Provided information section start

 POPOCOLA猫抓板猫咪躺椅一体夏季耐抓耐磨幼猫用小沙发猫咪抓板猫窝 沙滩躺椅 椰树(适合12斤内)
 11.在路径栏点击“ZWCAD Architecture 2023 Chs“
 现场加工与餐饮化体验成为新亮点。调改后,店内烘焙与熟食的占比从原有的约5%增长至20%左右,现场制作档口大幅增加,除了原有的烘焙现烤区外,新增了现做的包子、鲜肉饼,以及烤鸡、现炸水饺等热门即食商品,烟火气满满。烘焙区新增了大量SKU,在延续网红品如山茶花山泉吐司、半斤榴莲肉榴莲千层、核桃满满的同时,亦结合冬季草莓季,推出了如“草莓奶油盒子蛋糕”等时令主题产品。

Provided information section end
Provided information section start

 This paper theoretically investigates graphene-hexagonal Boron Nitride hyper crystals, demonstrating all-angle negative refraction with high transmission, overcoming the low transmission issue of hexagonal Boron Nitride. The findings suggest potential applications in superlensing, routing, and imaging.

Provided information section end
Provided information section start

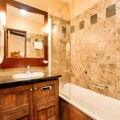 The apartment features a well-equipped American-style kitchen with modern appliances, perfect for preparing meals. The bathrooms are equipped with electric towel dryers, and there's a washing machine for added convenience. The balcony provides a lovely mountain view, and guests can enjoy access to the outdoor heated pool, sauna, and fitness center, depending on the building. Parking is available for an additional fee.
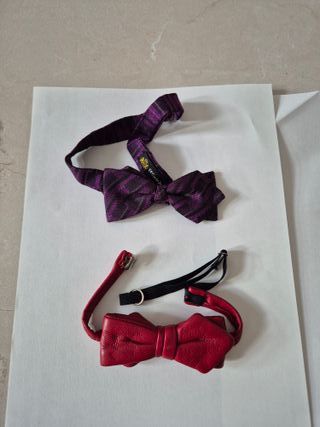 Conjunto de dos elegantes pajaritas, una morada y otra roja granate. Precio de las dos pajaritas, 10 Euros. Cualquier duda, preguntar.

Provided information section end

◆ **Task requirements**: Beginning with the line holding "POPOCOLA猫抓板猫咪躺椅一体夏季耐抓耐磨幼猫用小沙发猫咪抓板猫窝 沙滩躺椅 椰树(适合12斤内)" and ending with the line holding "现场加工与餐饮化体验成为新亮", write out the stretch of material above exactly; add no further lines.

◆ **Solution to this exercise**:
 POPOCOLA猫抓板猫咪躺椅一体夏季耐抓耐磨幼猫用小沙发猫咪抓板猫窝 沙滩躺椅 椰树(适合12斤内)
 11.在路径栏点击“ZWCAD Architecture 2023 Chs“
 现场加工与餐饮化体验成为新亮点。调改后,店内烘焙与熟食的占比从原有的约5%增长至20%左右,现场制作档口大幅增加,除了原有的烘焙现烤区外,新增了现做的包子、鲜肉饼,以及烤鸡、现炸水饺等热门即食商品,烟火气满满。烘焙区新增了大量SKU,在延续网红品如山茶花山泉吐司、半斤榴莲肉榴莲千层、核桃满满的同时,亦结合冬季草莓季,推出了如“草莓奶油盒子蛋糕”等时令主题产品。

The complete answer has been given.